(EXTRACTED INFORMATION begins)

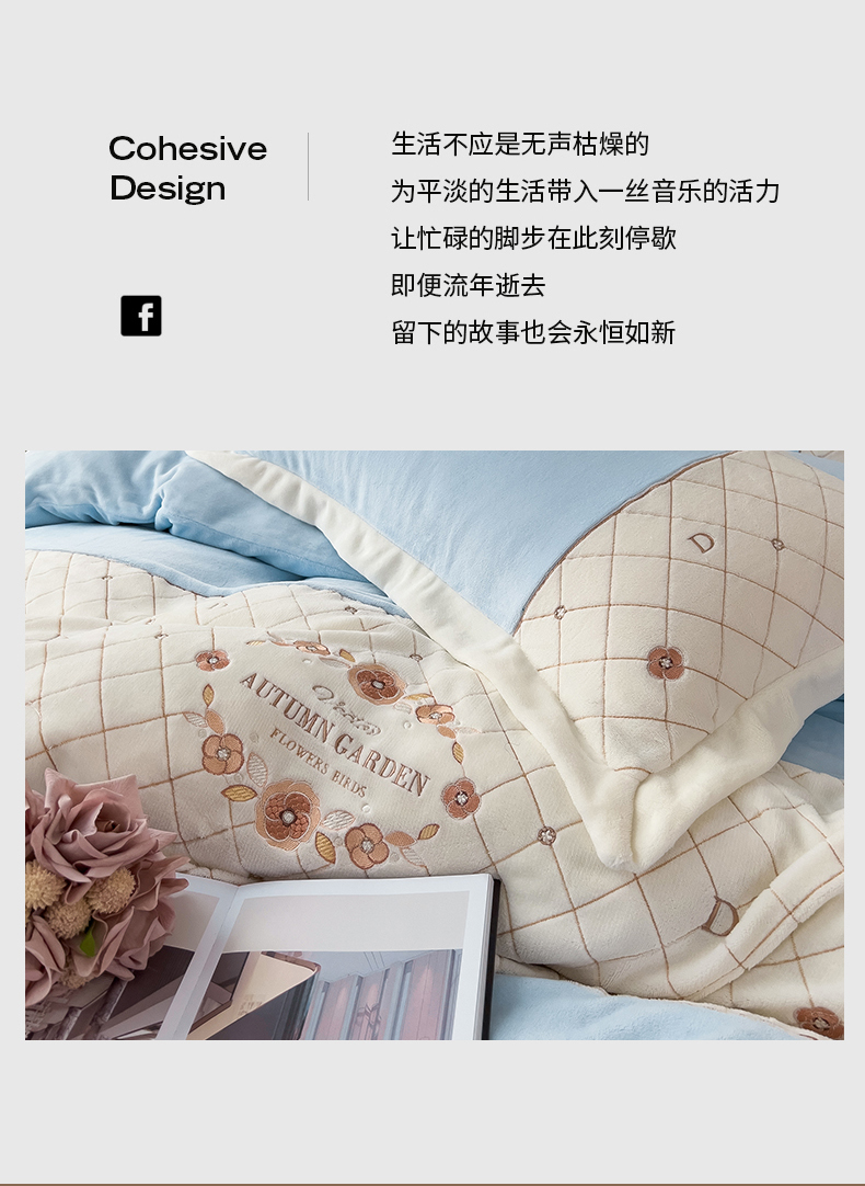 丝印良品 2023秋冬高端刺绣菲曼牛奶绒四件套 菲曼-天空蓝
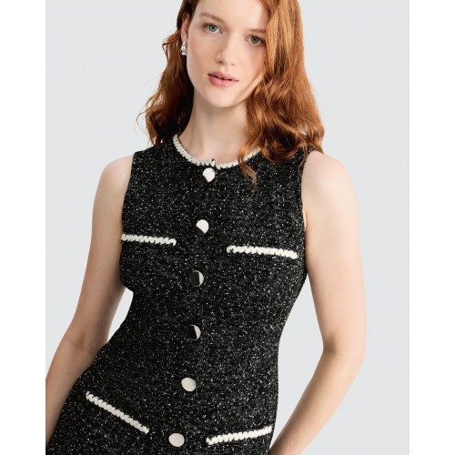 Tweed Button Through Sleeveless Dress in Multi Black White
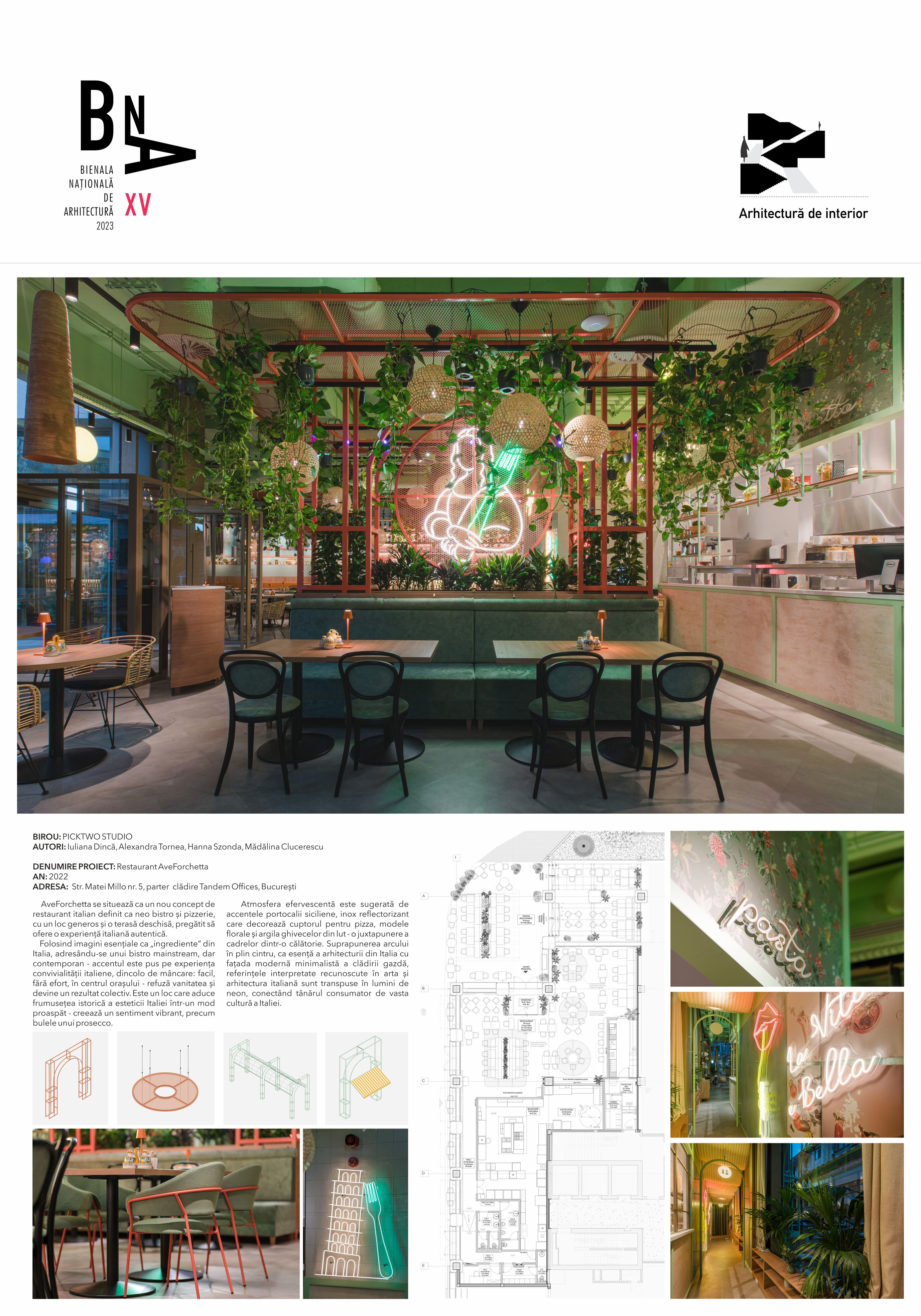 AveForchetta se situează ca un nou concept de restaurant italian definit ca neo bistro și pizzerie, cu un loc generos și o terasă deschisă, pregătit să ofere o experiență italiană autentică. Folosind imagini esențiale ca „ingrediente” din Italia, adresându-se unui bistro mainstream, dar contemporan - accentul este pus pe experiența
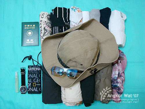 我的行李通常很小一包,一切以精簡為主。衣服都是用捲的,相信我這樣的方式,襯衫也不會皺皺滴!這次柬埔寨之行帶些什麼呢?12月滴柬埔寨氣溫平均約26度。白晝溫差大,中午大約有30度以上的高溫,熱到汗流浹背,不小心還是會小曬傷。清晨與太陽下山候會有點冷,小莎挺喜歡兩件式的穿法,套一件薄襯衫,怕曬太陽的人可以遮陽,晚上穿剛好保暖唷。
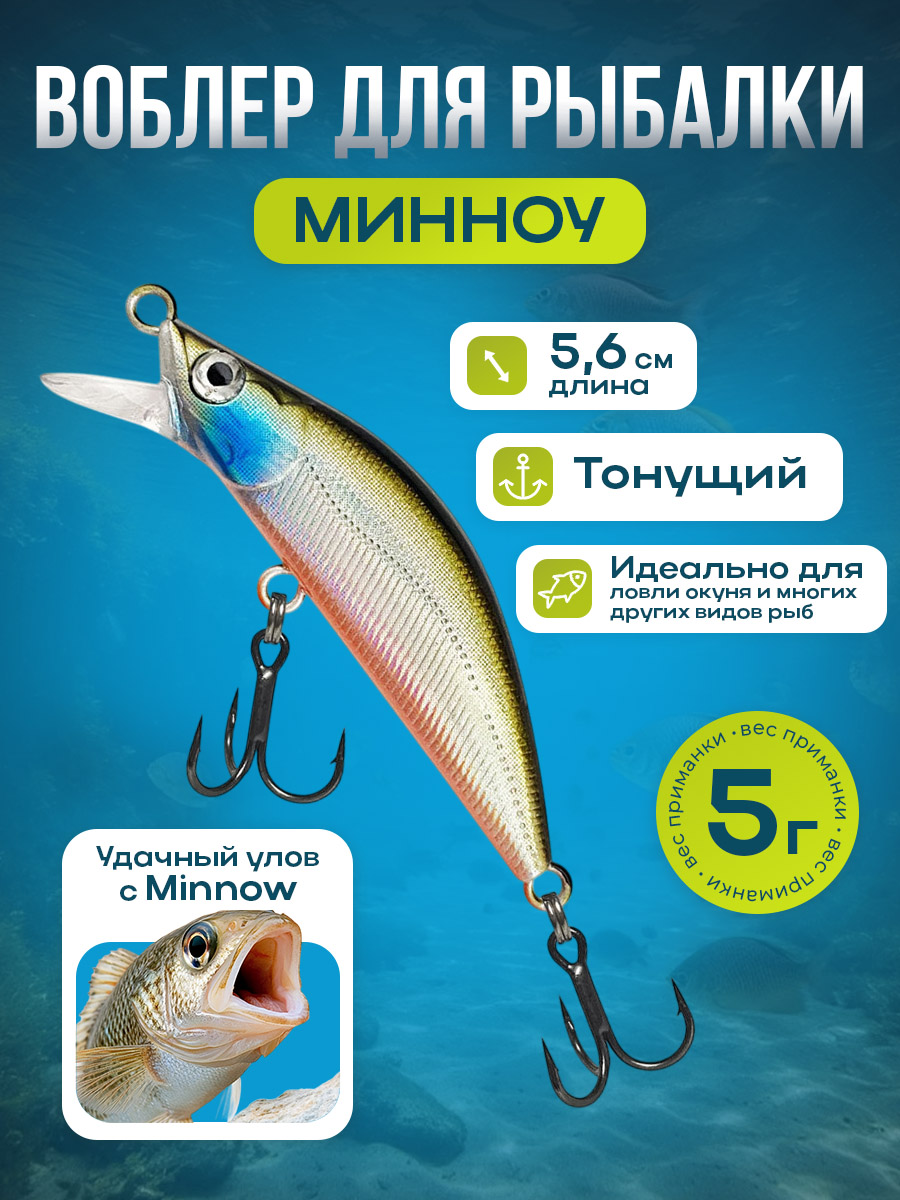 Воблер для рыбалки Minnow, тонущий, 5.6 см/5 г, черно-синяя
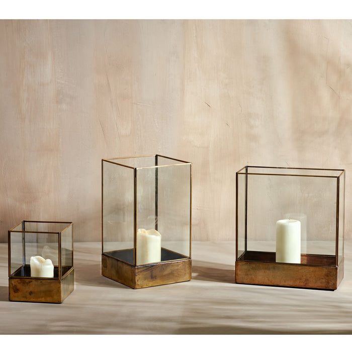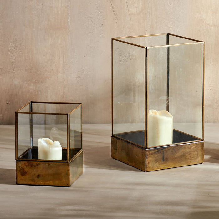 Our Sampara Storm Lanterns come in three sizes and makes striking centrepieces either individually or grouped together. The antique brass has an attractive patina, particularly visible on the deep base of each lantern. Place a church pillar candle inside for soft, ambient lighting.
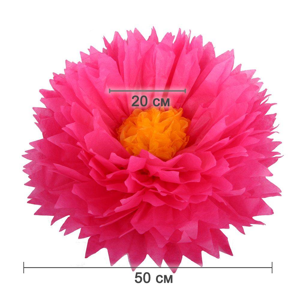 Бумажный цветок 50 см амарантовый+ярко-желтый

(EXTRACTED INFORMATION ends)

PROBLEM
Extract, word for word, every line from the one containing "我的行李通常很小一包,一切以" to the end of the data above, both ends included, and leave out the pictures.

SOLUTION TO THIS PROBLEM
 我的行李通常很小一包,一切以精簡為主。衣服都是用捲的,相信我這樣的方式,襯衫也不會皺皺滴!這次柬埔寨之行帶些什麼呢?12月滴柬埔寨氣溫平均約26度。白晝溫差大,中午大約有30度以上的高溫,熱到汗流浹背,不小心還是會小曬傷。清晨與太陽下山候會有點冷,小莎挺喜歡兩件式的穿法,套一件薄襯衫,怕曬太陽的人可以遮陽,晚上穿剛好保暖唷。
 Воблер для рыбалки Minnow, тонущий, 5.6 см/5 г, черно-синяя
 Our Sampara Storm Lanterns come in three sizes and makes striking centrepieces either individually or grouped together. The antique brass has an attractive patina, particularly visible on the deep base of each lantern. Place a church pillar candle inside for soft, ambient lighting.
 Бумажный цветок 50 см амарантовый+ярко-желтый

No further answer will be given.